Rating:
PG-13
House:
Astronomy Tower
Characters:
Draco Malfoy Harry Potter Hermione Granger
Genres:
Romance Humor
Era:
Multiple Eras
Spoilers:
Philosopher's Stone Chamber of Secrets Prizoner of Azkaban Goblet of Fire Order of the Phoenix
Stats:
Published: 11/05/2003
Updated: 12/27/2003
Words: 3,857
Chapters: 3
Hits: 2,401

Sadistic Choice

Lboogieg

Story Summary:
Hermione is given a choice...a very hard one at that. Will she choose Harry, the boy she's been in love with for a year? Or will she select Draco, the sexy blond Slytherin who's suddenly stolen a little piece of her heart?

Chapter 01

Posted:
11/05/2003
Hits:
1,306
Author's Note:
As you can probably see, I'm a DIE-HARD Draco/Hermione shipper, I seriously am. And to think...I used to hate it!!!! Haha, anyway, since I LOVE Draco/Hermione so much, and I like Harry/Hermione, I decided to kind of merge them together. Interesting idea huh? I might even do a songfic next time, I dunno. Hehe, see, I'm smart! Anyway, yeah, this is my fic. ENJOY!!! And as always...REVIEW FOR ME!!!!!! I must have feedback! I'll love you forever if you review!


Was it just my imagination or did I catch myself staring at Draco Malfoy? I snatched my gaze away as soon as I noticed. But somehow, I couldn't help it...Malfoy had become extremely attractive over the summer, and not just physically. His blond hair, once sleek and shiny, now fell shaggily and loosely around his head. His gray eyes, once so empty, now had a touch of blue in them, and were deep and fathomless (don't ask me how I noticed this, I don't even know). I do know one thing, however; I was falling for Draco Malfoy.

Now there was a major problem to fancying Malfoy, or anyone else for that matter; I was with Harry. In love with him as a matter of fact. What the hell was I doing, thinking of Malfoy like that, when I was claiming that Harry was all I needed? Besides, this was Draco Malfoy. The ultimate Slytherin, our ultimate enemy.

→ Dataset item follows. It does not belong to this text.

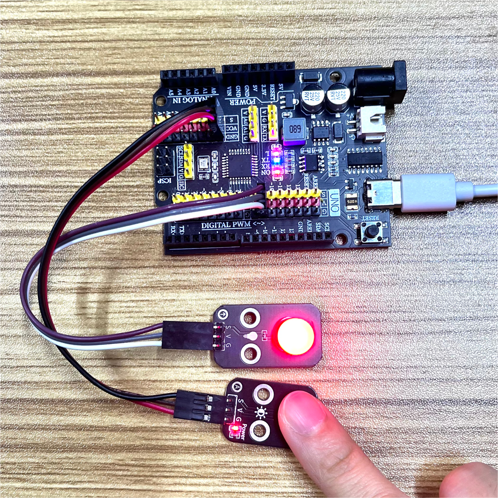 //当手遮住光敏传感器时,显示数值将变小,led灯变亮;当光线变强时,显示数值将变大,led灯变暗;

It didn't help that today was September first; meaning all Hogwarts students were making the annual trip back on the train. And I, of course, must share a compartment with Mr. Malfoy himself for twenty glorious minutes. Glorious?! Get a grip on yourself Hermione! I wasn't losing my head just yet, but if Draco didn't leave my thoughts alone I just might...

"What are you thinking about, Granger?" I guess he noticed me gazing out of the compartment window. And it didn't sound nasty - it sounded curious.

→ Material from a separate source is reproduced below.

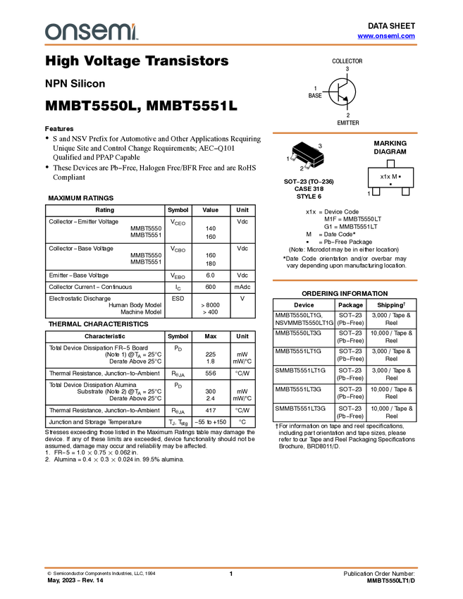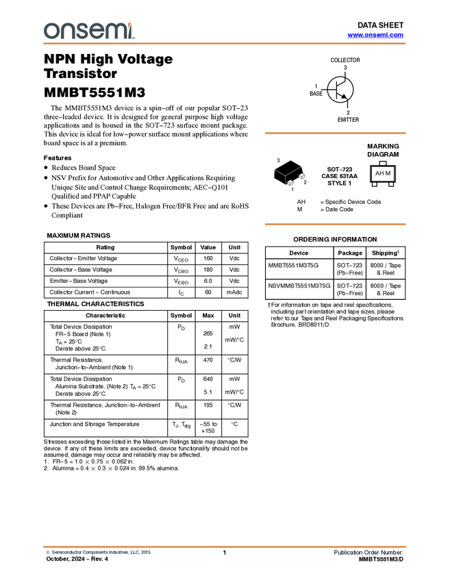 600 mA, 160 V NPN General Purpose Bipolar Junction Transistor

"Don't you dare try to be nice to me now, Malfoy." I didn't trust him...but I wanted to. NO! I didn't want to!

"Why not? There's a first time for everything isn't there?"

"I suppose so, Draco."

"So, what are you thinking about?"

"Well, if you must know, I'm thinking about Harry." I wouldn't dare tell him I was thinking of him as well.

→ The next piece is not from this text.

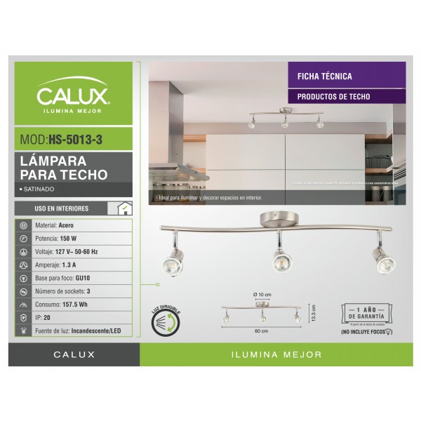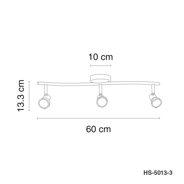 HS-5013-3 Lámpara de techo de tres luces dirigibles, la vuelven funcional para iluminar áreas especificas

"Potter? Blimey Granger, that's a waste of brain power."

I must be missing something; he almost sounded jealous. But Draco Malfoy, jealous of Harry Potter because he couldn't have Hermione Granger? The very idea was absurd, laughable. Harry and Ron would suggest I see Madam Pomfrey for feeling the way I do. I almost wanted to march myself up to the hospital wing. But at the same time...part of me didn't think I was so crazy. Crazy about Draco, maybe.

I decided to wait it out for a while. This whole mess would probably blow over in another week or so. Because really, me, in love with Draco Malfoy? Seeing as I had common sense, I knew it couldn't really be happening. It was just some stupid crush that I had, seeing how much he'd changed(for the sexier) over the summer. And fortunately for me, being the bookworm Hermione Granger that I am, I have the perfect thing to distract me; the library. I couldn't wait to get to Hogwarts for my sixth year.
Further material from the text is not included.